Furthermore, popular groups clearly expected their participation to matter (accountability). Two petitions from indigenous peoples reveal how popular groups embraced the idea that in a democratic republic they were sovereign and the state had to respond to them. Indians from Huimilpan in central Mexico wrote to the state officials in 1856 to reclaim some land unjustly taken from them. Their strongest argument was that the Governor or President was beholden to them as a servant of the nation: a "republican magistrate" should dedicate himself "to serve the Pueblo who elevated him". Similarly, Indians from Mocondino, in the Cauca region of Colombia, expressed confidence that an "essentially democratic government," in defense of which "we have shed so much blood," would accede to their wishes not to have their communal lands divided. These indigenous villagers assumed the state would listen to them and act on their wishes, that they were citizens (which they legally were and which stands in stark contrast to the supposedly more democratic nineteenth-century United States), and that their citizenship mattered.

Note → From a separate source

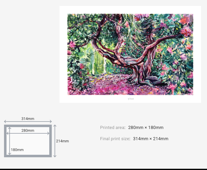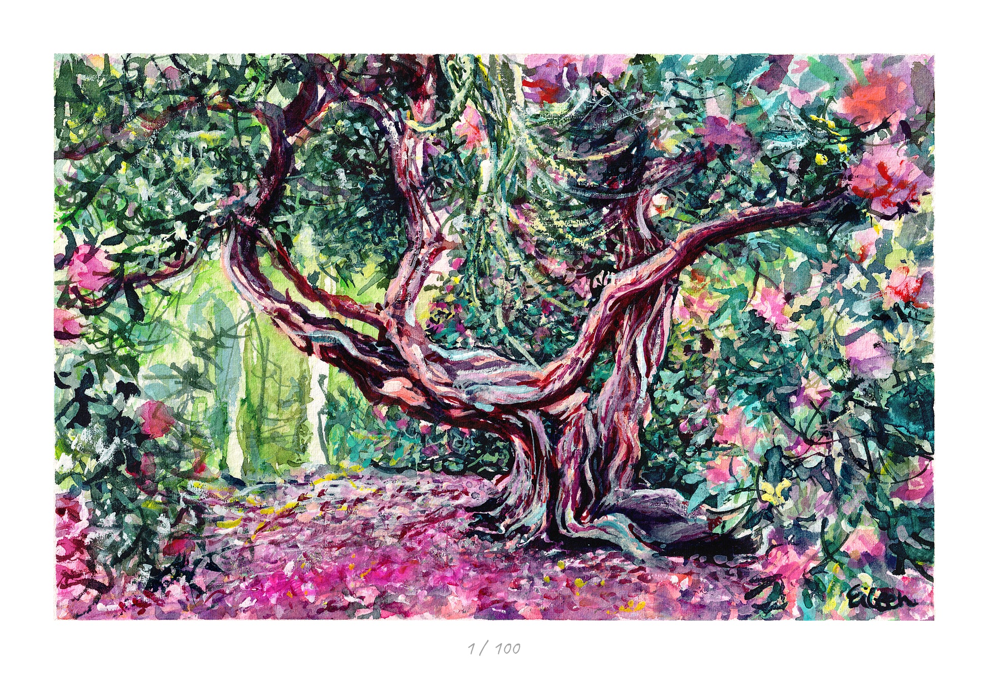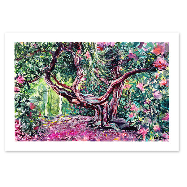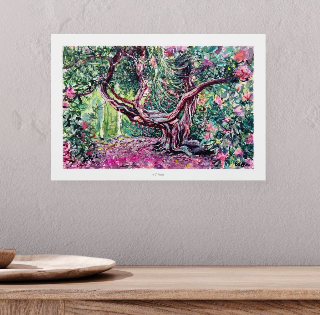 The original watercolour painting was inspired by the Rhododendron Dell at Kew Gardens in London, and it is part of a series titled "Off the Path". The collection captures the rich depth of these spring blossoms in the secluded and oneiric atmosphere that surrounds each tree.

Culturally, and perhaps as important as this institutional and practiced democracy, mid-nineteenth-century Spanish Americans thought of themselves as leading the world in democratic and republican practices. Indeed, they thought such practices defined their societies as modern, in contrast to a backward, monarchical Europe and a United States struggling with slavery and racism. In 1868, Mexico City's La Opinión Nacional argued that "our triumphant democracy" in Mexico had far surpassed Old World accomplishments. Similarly, the capital's La Chinaca declared that the future of democracy lay in the Americas: "today we sustain the banner of the democratic idea" against European tyrants. El Globo posited that while Europe and the United States measured progress through industrial and military might, Mexico insisted that its "republican virtue," and democratic constitution best defined nineteenth-century civilization. In Colombia, President José María Obando celebrated the 1853 Constitution as "the most democratic code that has governed any pueblo". If celebrating democracy and its values is an important part of actually having a democracy, in the 1860s, Mexico and Colombia, along with other American societies, were the most democratic countries in the world.

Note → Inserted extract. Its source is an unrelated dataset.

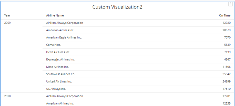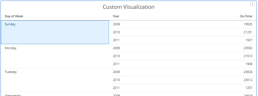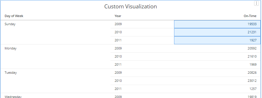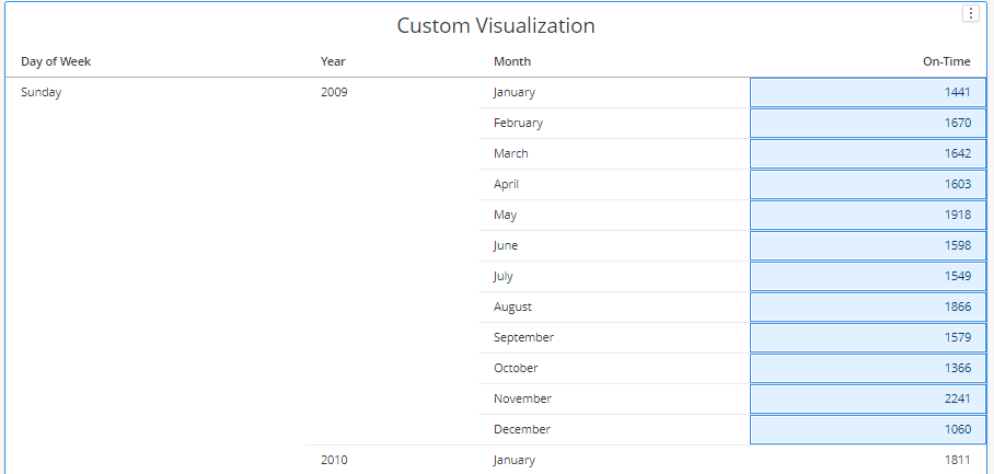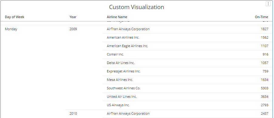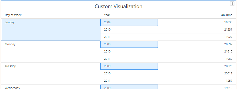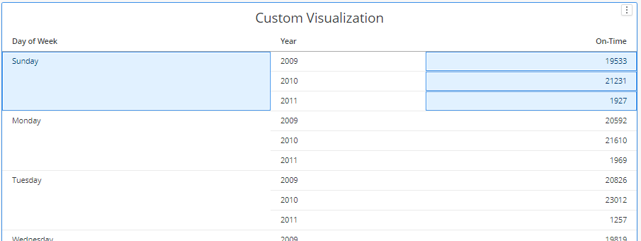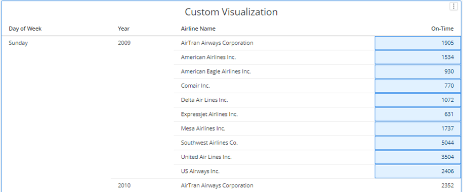For example, if we set the metric parameter to mstrmojo.customviz.PICKED_TYPE.METRIC, and select the data point representing the average delay on Sundays in January of year 2009 in the source visualization, all graphics that contain statistic values of all airlines on Sundays of year 2009 are picked and highlighted in the target visualization. However, the graphic that contains statistic values for Mondays in year 2010 is not picked.

Therefore, using Rueschemeyer, Stephens, and Stephens's, Schmitter and Karl's, and Smith's definitions (participation, competition, accountability), Mexico and Colombia were certainly democracies from the 1850s to 1870s (with the only caveat being regular elections, as elections were often interrupted by foreign and domestic war). Indeed, in regard to the extent of the suffrage (participation), Colombia and Mexico were two of the most democratic nations in the world, surpassing the United State (due to its racial restrictions) and most of Europe (due to class restrictions). Indeed, in a world where democracy and republicanism were tightly linked (but, of course, not synonymous), the vast majority of the nineteenth-century world's republics were in Latin America - in 1847, Europe only counted one (Hobsbawm 1996, 312). Yes, these were messy democracies, often weakened by fraud, and with active plebeian voters and citizen soldiers, over whom fragile states struggled to keep order. The weakness of the national state actually made governments more accountable, which perhaps reflected popular groups' critical criteria for democracy. Competition is more complex, as the party in power tended to dominate elections; however, there was intense electoral competition - indeed, competition was so intense that it regularly spilled over into civil wars. Colombia and Mexico fit or surpass the standard definitions of democracy - it is simply a lack of order that often marks them as non-democratic. However, order itself is not inherently democratic - indeed, authoritarian regimes pride themselves on securing order. Yet conceptions of order were vitally important. My argument will hinge on how disorder came to define democracy in elite minds; therefore, to secure order and capitalist development, popular democracy had to be undone.